He moves down a couple of paragraphs to where Mark points out the difference between these gang rapes of young girls and “what happens to the young white lad, where a twenty or twenty-two year old can go into a night club. There’ll be a young girl in dressed up who’s snuck in there and she’s fifteen but all dressed up and he’ll end up dating her in a totally decent way believing that she’s over sixteen or over eighteen. We’re talking about gangs of Asian males going to all white schools and soliciting white children for sex and we’re saying ‘enough is enough’ and we’re the only party saying that.”
Why did Mr. Collett use the example of a white lad, instead of saying that it could be a lone Asian lad falling for a dressed up fifteen year old instead? Mark’s ‘failure’ to produce a fantasy example is held against him.

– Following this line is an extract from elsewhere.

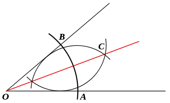 1. Call the vertex of the angle O. Draw a circle centered at O.
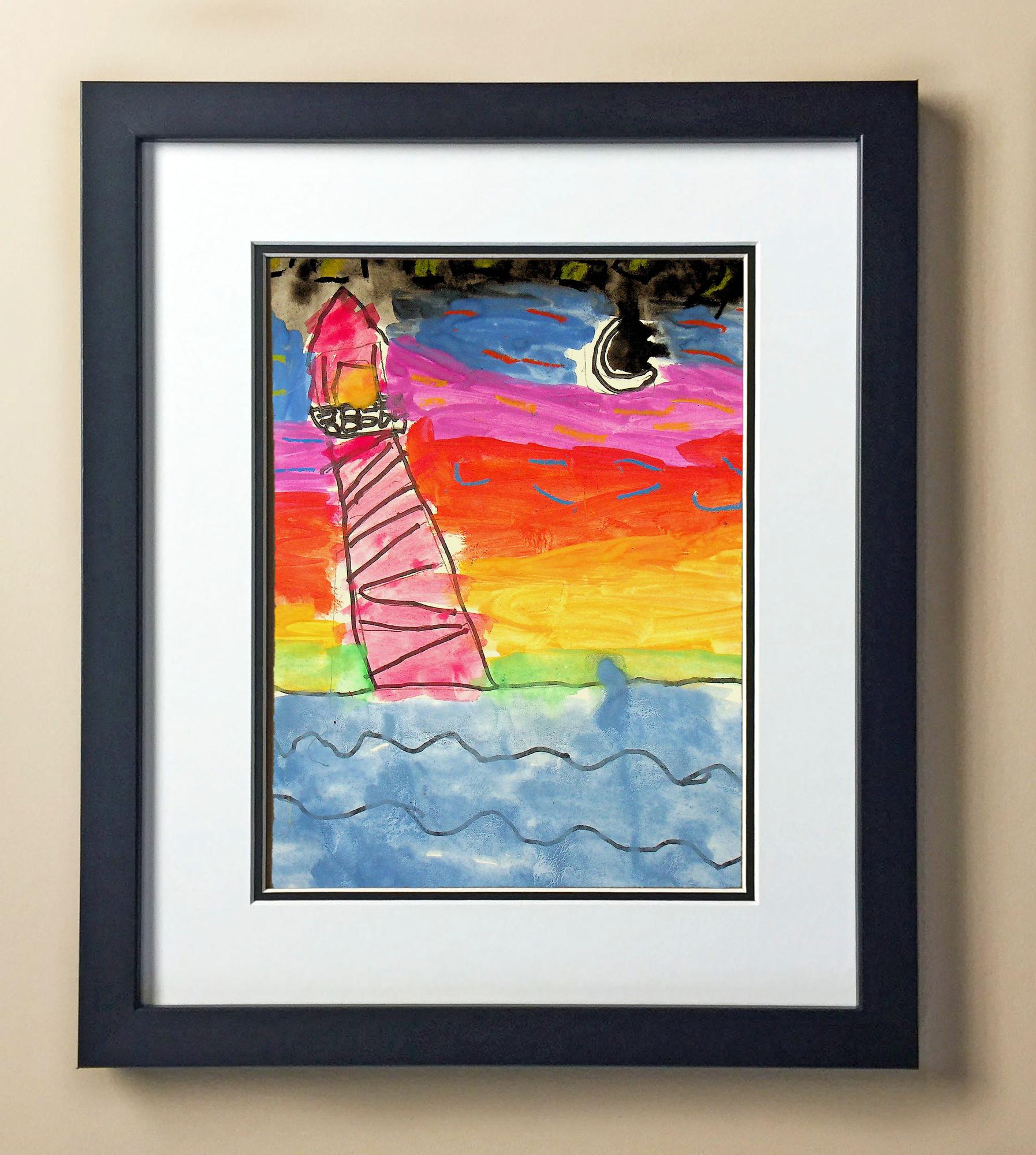 Included with the purchase is the Students Artwork, Frame, double matboard, shatter proof plexiglass, and a ready to hang backerboard with turnbuttons

Another piece has Mark amusing the audience by recounting how a letter in the local paper in
He moves to Mark’s second speech. There is, he says, not a lot to say, just take the thing as a whole. Then he alleges again that Mark was really seeking to attack all Asians by highlighting the wrong-doings of Asian criminals. It’s a huge leap of ‘logic’, but it sounds passably convincing – if the jury want to be convinced.
Another prosecution slip up
Jameson makes a meal of the fact that Mark’s second speech said that none of the Keighley paedophile rape gang had been jailed, when he must have heard in my first speech that I’d said that they had been. He talks of Mark’s “utter contempt for the literal truth”. It sounds good, but it’s wickedly dishonest, for Jameson knows perfectly well that the real truth is that I was mistaken, that none of that gang was in fact jailed, and that one individual had been jailed for his part in a similar but unrelated incident in the town.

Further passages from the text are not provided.